This is Part 7 in a series of interviews with the gurus of leadership and management theory.

Marshall Goldsmith is a researcher and executive coach. He was honoured in 2009 as one of the 15 most influential business thinkers in the world in a study by Forbes and The Times of London, and also named by The American Management Association as one of 50 great thinkers and leaders who have influenced the field of management. In this interview, he talks about the need for employees to monitor their own engagement with work, and for successful leaders to stop trying to win everything.

I gather you have some new ideas on employee engagement. What have you found?

I have been conducting research with my daughter Kelly, a marketing professor at the Kellogg School at Northwestern University. We have some fascinating research on the importance of asking active questions and teaching employees to engage themselves through those questions.

The idea came after I attended a conference of the National Academy of Human Resources, where I listened to a presentation by the heads of human resources at some major companies on employee engagement. They talked about what they were doing to engage employees and it all was good stuff – recognition, empowerment and training. But nobody was talking about what the employees could do to engage themselves. To me, the key variable of employee engagement is not the company but the employee.

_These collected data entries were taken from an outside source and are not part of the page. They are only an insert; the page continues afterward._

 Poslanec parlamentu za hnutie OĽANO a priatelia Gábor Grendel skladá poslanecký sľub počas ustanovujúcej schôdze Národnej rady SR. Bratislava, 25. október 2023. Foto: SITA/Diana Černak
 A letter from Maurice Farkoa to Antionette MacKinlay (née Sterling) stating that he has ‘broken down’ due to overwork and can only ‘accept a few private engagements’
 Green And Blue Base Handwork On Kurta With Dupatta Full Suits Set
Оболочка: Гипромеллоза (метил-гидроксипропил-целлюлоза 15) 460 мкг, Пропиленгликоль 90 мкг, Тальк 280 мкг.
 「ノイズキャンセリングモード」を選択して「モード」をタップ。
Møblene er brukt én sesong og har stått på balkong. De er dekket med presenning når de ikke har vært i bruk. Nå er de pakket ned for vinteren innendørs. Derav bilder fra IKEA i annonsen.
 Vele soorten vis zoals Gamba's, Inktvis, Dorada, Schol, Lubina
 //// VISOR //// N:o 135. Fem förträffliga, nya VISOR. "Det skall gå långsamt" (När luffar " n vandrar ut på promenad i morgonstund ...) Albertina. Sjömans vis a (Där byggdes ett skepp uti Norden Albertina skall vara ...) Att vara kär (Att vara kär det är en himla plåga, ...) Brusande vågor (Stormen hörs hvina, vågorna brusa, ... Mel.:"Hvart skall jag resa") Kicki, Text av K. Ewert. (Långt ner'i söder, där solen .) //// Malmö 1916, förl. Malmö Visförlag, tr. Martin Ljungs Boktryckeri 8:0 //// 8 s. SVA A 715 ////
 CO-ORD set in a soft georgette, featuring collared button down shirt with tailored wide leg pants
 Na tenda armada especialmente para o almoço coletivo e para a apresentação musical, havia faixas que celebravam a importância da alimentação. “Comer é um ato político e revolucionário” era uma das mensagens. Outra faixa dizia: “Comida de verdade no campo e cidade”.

To help with that, my daughter taught me a process called active questions. Historically, research on employee engagement by companies has involved asking employees passive questions, such as, "How engaged are you?" If you ask passive questions, you tend to get environmentally based answers, such as, "I am not engaged because my company is bad," or "my boss is mean," or, "I don't get enough pay or recognition."

We started asking active questions, such as, "Did you do your best to increase your own engagement, happiness or meaning?" We found consistently that the group we asked active questions self-reports being 50 per cent to 100 per cent more engaged than the group we ask passive questions.

So how should I employ this idea as a manager in a department, not controlling the company's overall engagement program, but wanting to take advantage of your finding?

This is something you can do yourself. It's not complicated. Part of our approach is based on The Checklist Manifesto by Dr. Atul Gawande of Harvard Medical School. That gave me the idea of asking daily questions on engagement to keep focused.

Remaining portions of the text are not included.